Dinimiz İslam da faizin azı çoğu haramdır. Diyanet konut fetvasında dar gelirli, zaruri şeyden bahsediyor. Dini bir kurum olan diyanetin harama helal deme lüksü olamaz. Konuya biraz siyaset bulaşmış sanki hani laikler din ayrı siyaset ayrı diyorlar ya onun gibi. Birde diyanetin fetvası sanki birilerinin telkini ile olmuş, Katılım bankalarından kredi alınırsa helal diğer bankalarınki haram. Halk böyle anlıyor kafası karışıyor.

Anladığım diyanet bu konuda kendini tam ifade edememiş, anlatamamıştır. Faiz kapitalizmin sömürü hortumudur. Faiz zengini zengin fakiri fakir eder. Faizle ilgili çok ayet ve hadis var. Ehil olanlar yazsın. Sayın Cumhurbaşkanımız Recep Tayip ERDOĞAN, faizin her çeşidine karşıdır.

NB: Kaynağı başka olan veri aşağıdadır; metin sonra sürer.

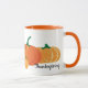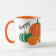 Our "Thanksgiving Happiness in Every Sip" mug is the perfect companion for your Thanksgiving celebration. The mug design shows beautiful pumpkins in shades of orange, yellow and green, capturing the essence of the harvest season. The phrase 'Happy Thanksgiving' elegantly written on the mug adds a touch of gratitude and joy to your coffee or tea moments. Enjoy your favorite beverage as you celebrate in style and share the holiday spirit with this unique and charming mug.

Büyük bir çabası var. Sayın başkanımızın vasıtası ile faizsiz günleri de görürüz inşallah.

Deveye demişler boynun eğri, hangi tarafım doğru ki demiş. Bizim de öyle bir durum. Altı asırlık cihan devleti Osmanlılarda Dini konuların banileri Şeyhül İslamlar vardı, yöneticiler yapacaklarının çoğunu onlara sorar bu sorma yapılacak şeyin dine uyup uymadığı ile ilgiliydi. Menfi müspet yanları olabilir.

Müspet tarafı ağır basardı. Onların görevi dini sisteme uydurmak değil, ağırlıklı olarak sistemi dine uyarlamaktı. Sistemler din dışı da olsa halk Müslümandır. Kurtulmak isteniyorsa dini düzen olarak kabul etmek, oluşmasına çalışmaktır.

Garip gelmiş garip gidecek mübarek Dinimizin kıymetini bilelim, dini kendimize değil, biz dine uyalım. Rabbim bizleri hak din olan İslam'a hakkıyla uyanlardan eylesin inşallah.